Soils contaminated by heavy metals can be remediated by one or more of the following technologies: isolation; immobilization; toxicity reduction; physical separation; or extraction. Isolation involves the use of caps, membranes or below-ground barriers in an attempt to quarantine the contaminated soil. Immobilization aims to alter the properties of the soil so as to hinder the mobility of the heavy contaminants. Toxicity reduction attempts to oxidise or reduce the toxic heavy metal ions, via chemical or biological means into less toxic or mobile forms. Physical separation involves the removal of the contaminated soil and the separation of the metal contaminants by mechanical means. Extraction is an on or off-site process that uses chemicals, high-temperature volatization, or electrolysis to extract contaminants from soils. The process or processes used will vary according to contaminant and the characteristics of the site.

== History ==
Consequences from human exposure to toxic metals begins prior to 2000 BCE when lead became abundant as a side effect of silver smelting. Early Greek medical texts from 370 BCE onward discussed metal poisoning, including from arsenic and mercury. However the breadth of impact began with the industrial revolution in the 1800s, when most of the metal elements were discovered.

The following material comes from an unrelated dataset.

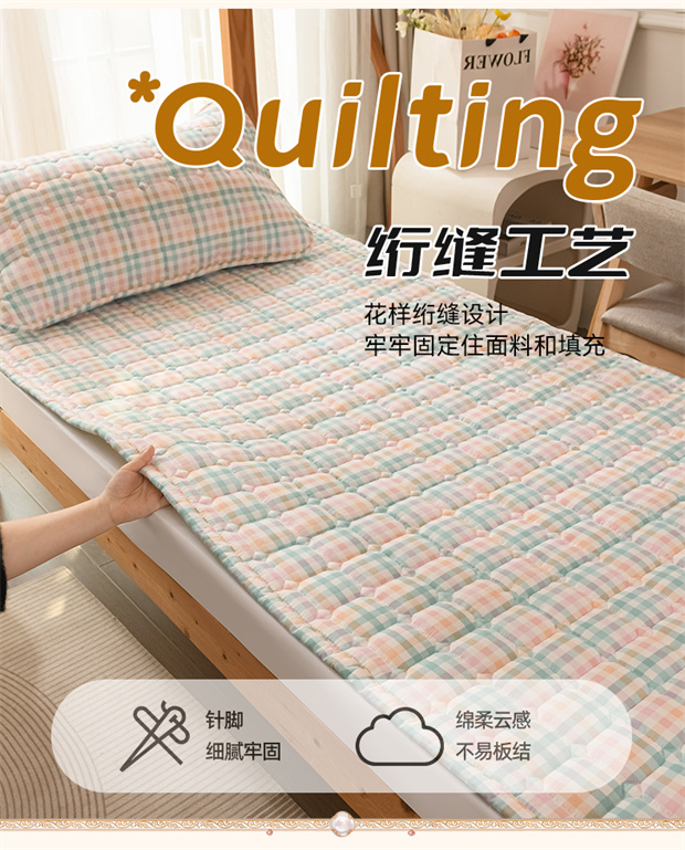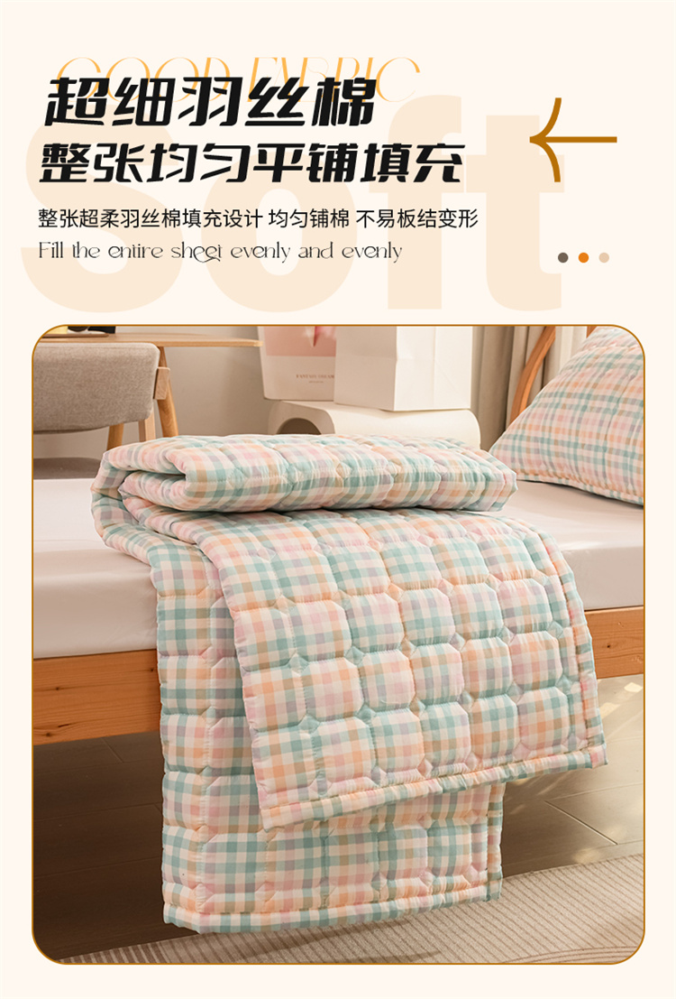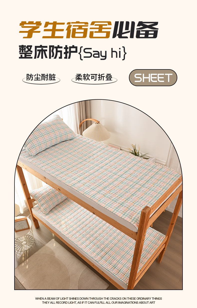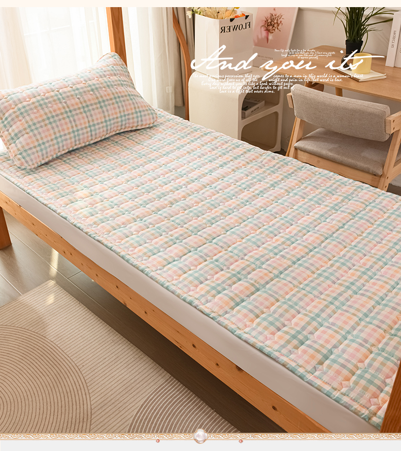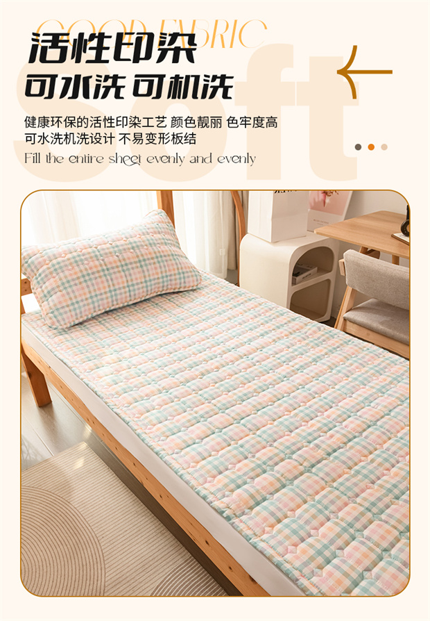 恋绒家纺 无印风高低床学生床褥水洗棉宿舍上下铺软床垫 粉蓝格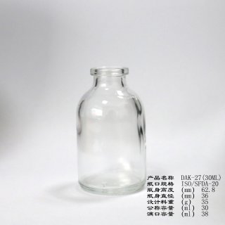 | 型號(hào) | 口徑 ISO/SFDA-20 | 瓶高(mm) | 瓶身直徑(mm) | 料重(g) | 容量(ml) |

The early work on metal toxicology focused on acute effects from high doses. This knowledge led to governmental oversight and changes in industrial practice such that acute effects are now rarely observed. Later evidence emerged of problems from long term exposure to lower levels of metal toxins. Toxicology as a science began in the early 1800s with the work of Mattieu Orfila and Claude Bernard. Awareness of the issues with the widespread use of arsenic on crops and even the use of lead shot in weapons. Ubiquitous and sometimes massive quantities of arsenic spread throughout England in the late 1800s before being reined in, becoming an unfortunate pattern followed by other toxic metals.